→ **What to produce**:
Go through the following data and transcribe exactly the stretch of lines from the one holding "연예방송'시골경찰 리턴즈, 기대하세요'[★포토]발행" to the one holding "раскраски, 4-7 лет)", both included.

--- Provided entries Enclosed Below ---

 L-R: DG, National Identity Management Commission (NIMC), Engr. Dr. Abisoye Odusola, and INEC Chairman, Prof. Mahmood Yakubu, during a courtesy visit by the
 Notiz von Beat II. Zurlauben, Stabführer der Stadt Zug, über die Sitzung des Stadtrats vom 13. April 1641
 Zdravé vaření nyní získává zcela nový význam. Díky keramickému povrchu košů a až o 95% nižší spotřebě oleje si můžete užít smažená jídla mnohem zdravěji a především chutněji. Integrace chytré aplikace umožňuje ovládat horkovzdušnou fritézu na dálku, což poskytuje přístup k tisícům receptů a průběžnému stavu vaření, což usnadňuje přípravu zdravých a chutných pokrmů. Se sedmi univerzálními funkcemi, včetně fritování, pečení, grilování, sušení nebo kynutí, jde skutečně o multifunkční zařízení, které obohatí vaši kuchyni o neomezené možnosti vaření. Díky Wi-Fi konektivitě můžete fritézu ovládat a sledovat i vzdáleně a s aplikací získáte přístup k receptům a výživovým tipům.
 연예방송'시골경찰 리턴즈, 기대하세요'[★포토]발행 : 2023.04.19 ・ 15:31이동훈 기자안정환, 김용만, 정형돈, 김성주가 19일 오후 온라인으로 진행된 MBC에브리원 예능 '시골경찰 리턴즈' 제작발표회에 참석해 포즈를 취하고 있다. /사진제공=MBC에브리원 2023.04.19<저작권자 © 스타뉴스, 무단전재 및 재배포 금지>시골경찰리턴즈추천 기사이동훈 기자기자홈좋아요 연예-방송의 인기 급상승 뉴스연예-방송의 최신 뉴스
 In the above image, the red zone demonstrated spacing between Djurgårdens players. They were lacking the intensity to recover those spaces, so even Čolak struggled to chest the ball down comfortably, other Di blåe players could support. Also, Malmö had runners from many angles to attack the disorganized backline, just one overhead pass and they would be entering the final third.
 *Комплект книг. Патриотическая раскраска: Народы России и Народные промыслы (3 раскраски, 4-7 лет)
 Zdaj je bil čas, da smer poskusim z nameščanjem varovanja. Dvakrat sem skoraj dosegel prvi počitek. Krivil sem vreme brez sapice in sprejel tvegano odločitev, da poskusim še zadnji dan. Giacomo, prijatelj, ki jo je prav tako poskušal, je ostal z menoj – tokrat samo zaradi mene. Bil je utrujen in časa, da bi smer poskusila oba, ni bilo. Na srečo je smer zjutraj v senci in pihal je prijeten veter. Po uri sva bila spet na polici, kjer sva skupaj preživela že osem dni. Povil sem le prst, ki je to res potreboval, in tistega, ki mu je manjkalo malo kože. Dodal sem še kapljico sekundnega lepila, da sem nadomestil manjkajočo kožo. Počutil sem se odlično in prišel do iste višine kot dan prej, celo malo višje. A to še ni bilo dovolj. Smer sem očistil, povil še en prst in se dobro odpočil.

--- End of Enclosed Provided entries ---
--- Provided entries Enclosed Below ---

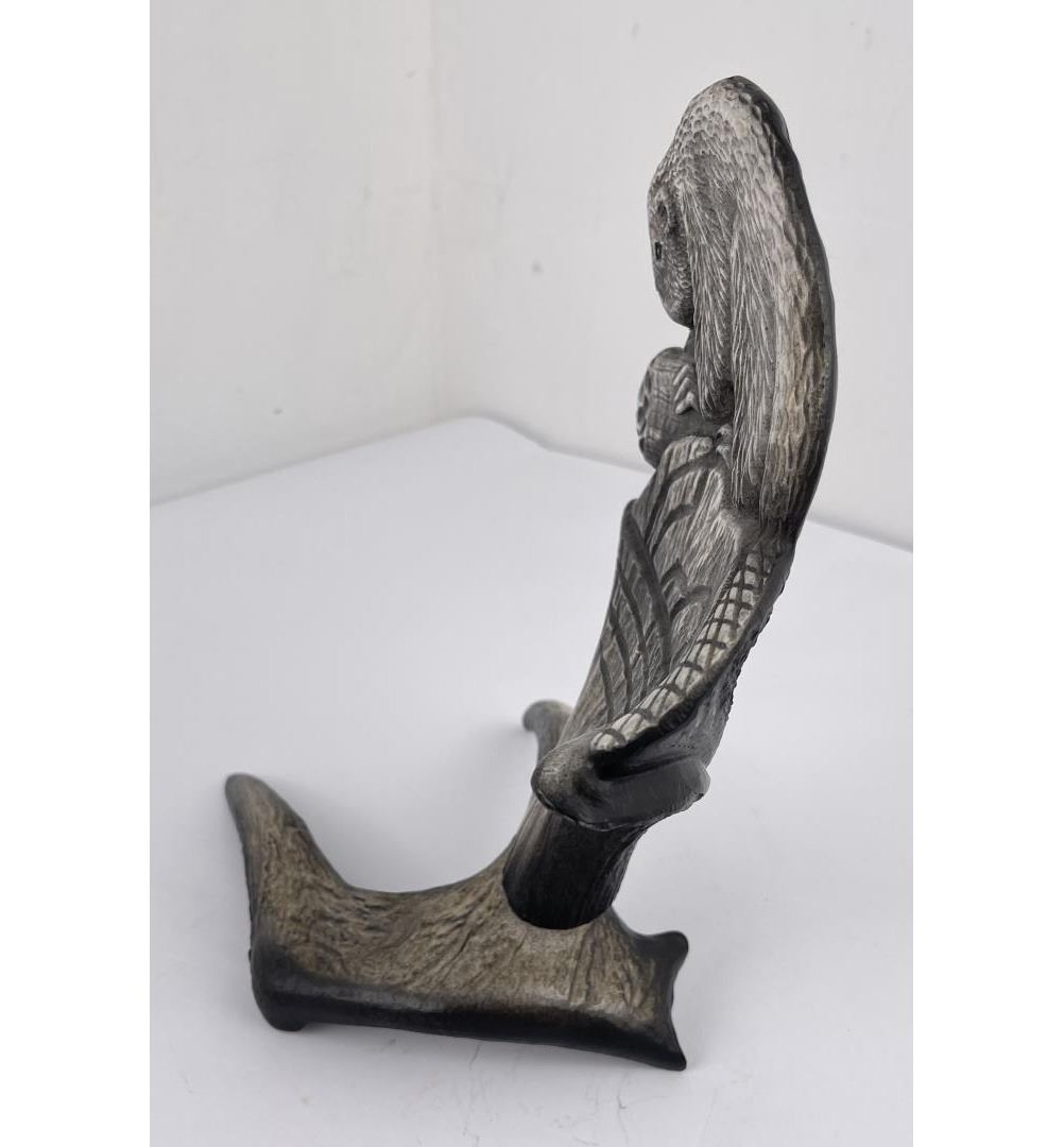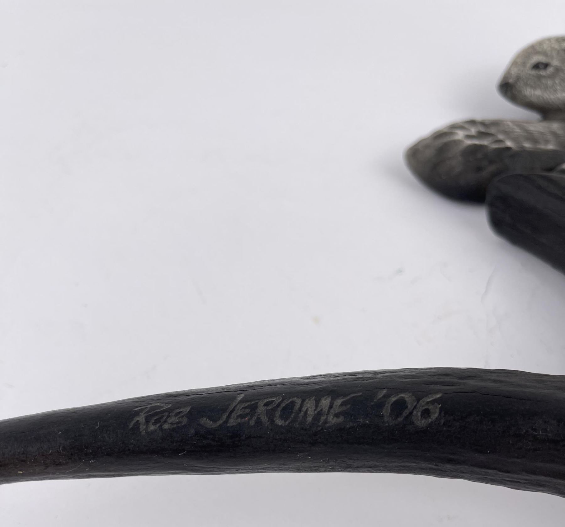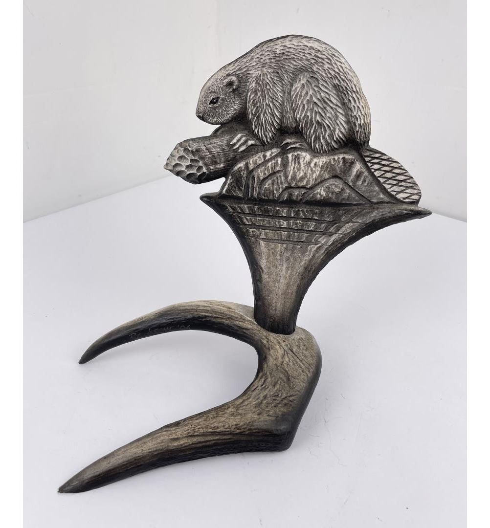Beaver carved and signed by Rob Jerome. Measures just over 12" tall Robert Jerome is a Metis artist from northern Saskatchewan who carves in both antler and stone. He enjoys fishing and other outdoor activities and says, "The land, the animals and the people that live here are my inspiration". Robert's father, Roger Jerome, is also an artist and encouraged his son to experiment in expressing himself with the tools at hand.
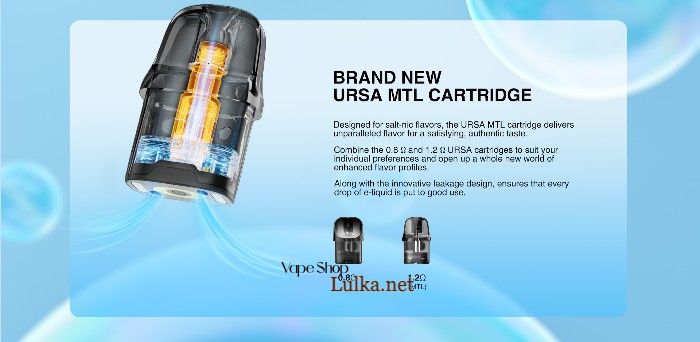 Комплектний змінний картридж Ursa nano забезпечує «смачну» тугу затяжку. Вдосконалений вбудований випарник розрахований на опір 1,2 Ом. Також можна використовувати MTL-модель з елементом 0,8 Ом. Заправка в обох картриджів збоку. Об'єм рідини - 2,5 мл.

--- End of Enclosed Provided entries ---
--- Provided entries Enclosed Below ---

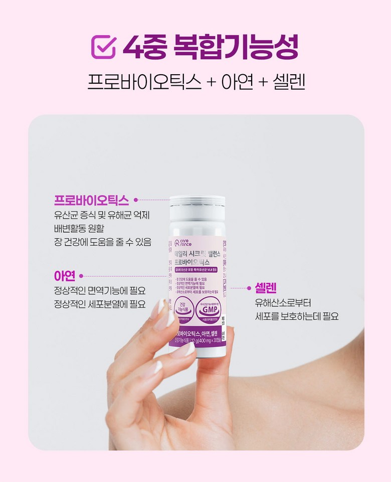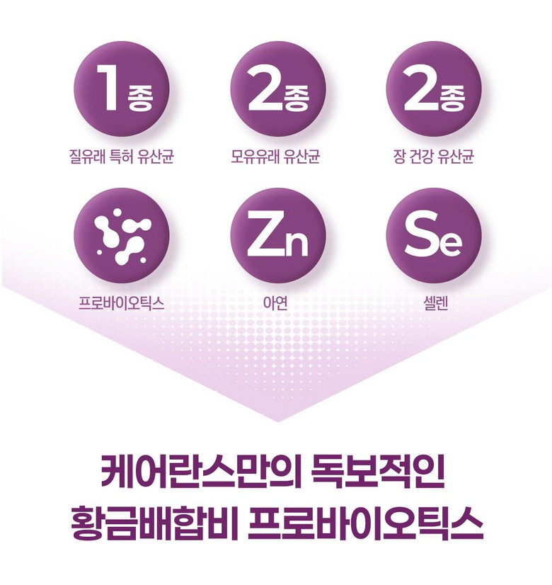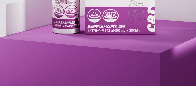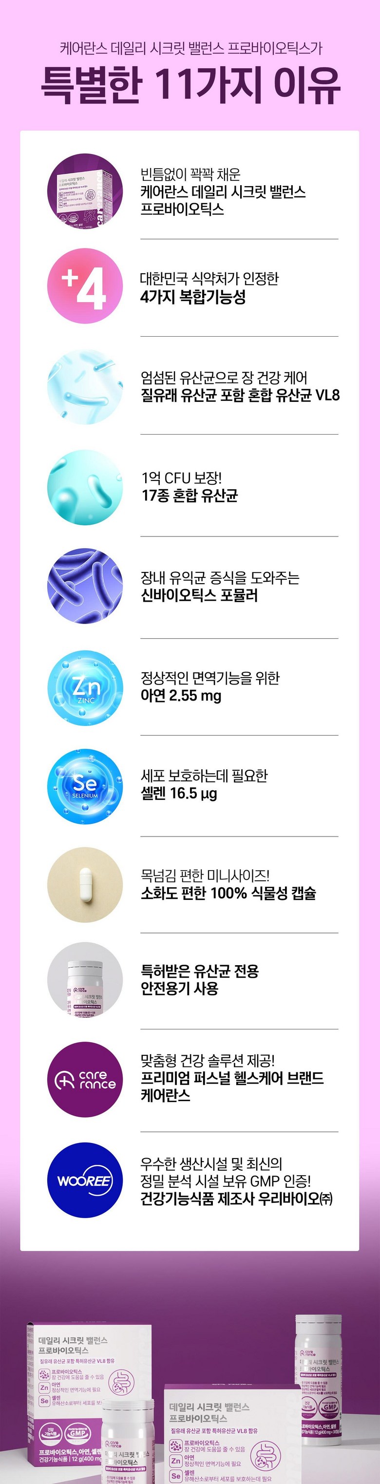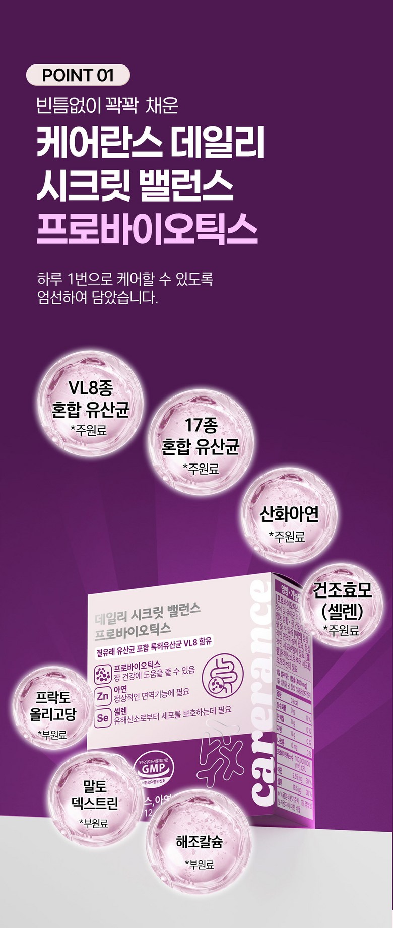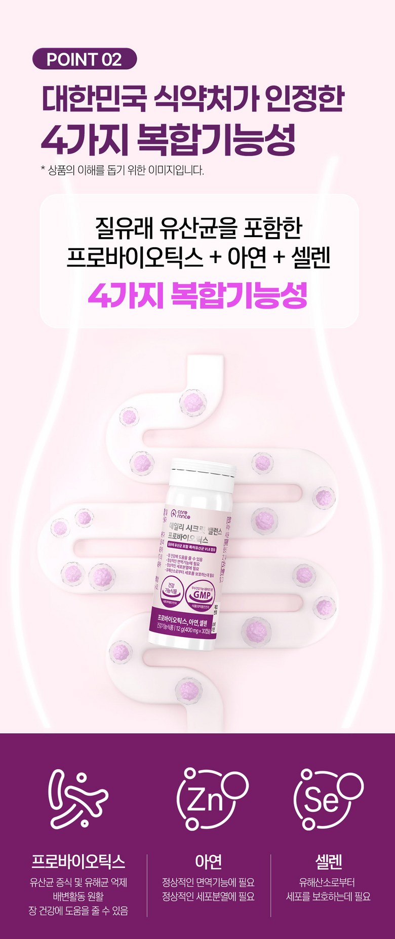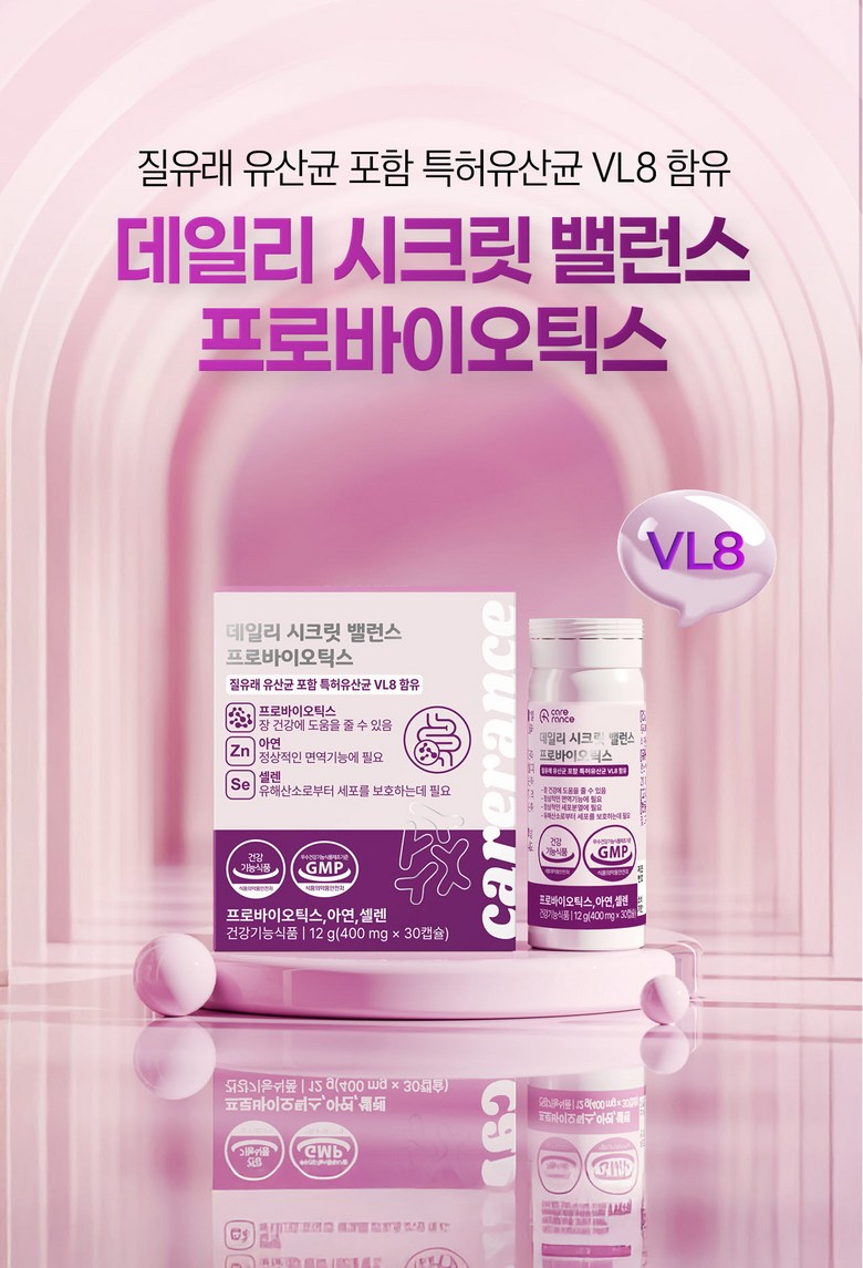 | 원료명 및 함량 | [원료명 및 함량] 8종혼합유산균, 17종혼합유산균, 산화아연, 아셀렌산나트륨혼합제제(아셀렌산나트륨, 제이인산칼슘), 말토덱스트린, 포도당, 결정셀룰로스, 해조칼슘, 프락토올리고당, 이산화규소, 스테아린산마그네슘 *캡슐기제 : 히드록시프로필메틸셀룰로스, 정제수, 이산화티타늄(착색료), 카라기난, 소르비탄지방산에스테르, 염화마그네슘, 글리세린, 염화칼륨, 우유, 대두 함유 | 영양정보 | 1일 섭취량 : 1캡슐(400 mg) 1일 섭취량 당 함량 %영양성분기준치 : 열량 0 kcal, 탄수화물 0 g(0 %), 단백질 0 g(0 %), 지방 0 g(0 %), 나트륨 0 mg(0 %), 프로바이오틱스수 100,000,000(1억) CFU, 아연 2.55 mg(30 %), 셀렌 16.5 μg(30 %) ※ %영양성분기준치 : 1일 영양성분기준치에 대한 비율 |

--- End of Enclosed Provided entries ---

→ **Answer to the exercise**:
 연예방송'시골경찰 리턴즈, 기대하세요'[★포토]발행 : 2023.04.19 ・ 15:31이동훈 기자안정환, 김용만, 정형돈, 김성주가 19일 오후 온라인으로 진행된 MBC에브리원 예능 '시골경찰 리턴즈' 제작발표회에 참석해 포즈를 취하고 있다. /사진제공=MBC에브리원 2023.04.19<저작권자 © 스타뉴스, 무단전재 및 재배포 금지>시골경찰리턴즈추천 기사이동훈 기자기자홈좋아요 연예-방송의 인기 급상승 뉴스연예-방송의 최신 뉴스
 In the above image, the red zone demonstrated spacing between Djurgårdens players. They were lacking the intensity to recover those spaces, so even Čolak struggled to chest the ball down comfortably, other Di blåe players could support. Also, Malmö had runners from many angles to attack the disorganized backline, just one overhead pass and they would be entering the final third.
 *Комплект книг. Патриотическая раскраска: Народы России и Народные промыслы (3 раскраски, 4-7 лет)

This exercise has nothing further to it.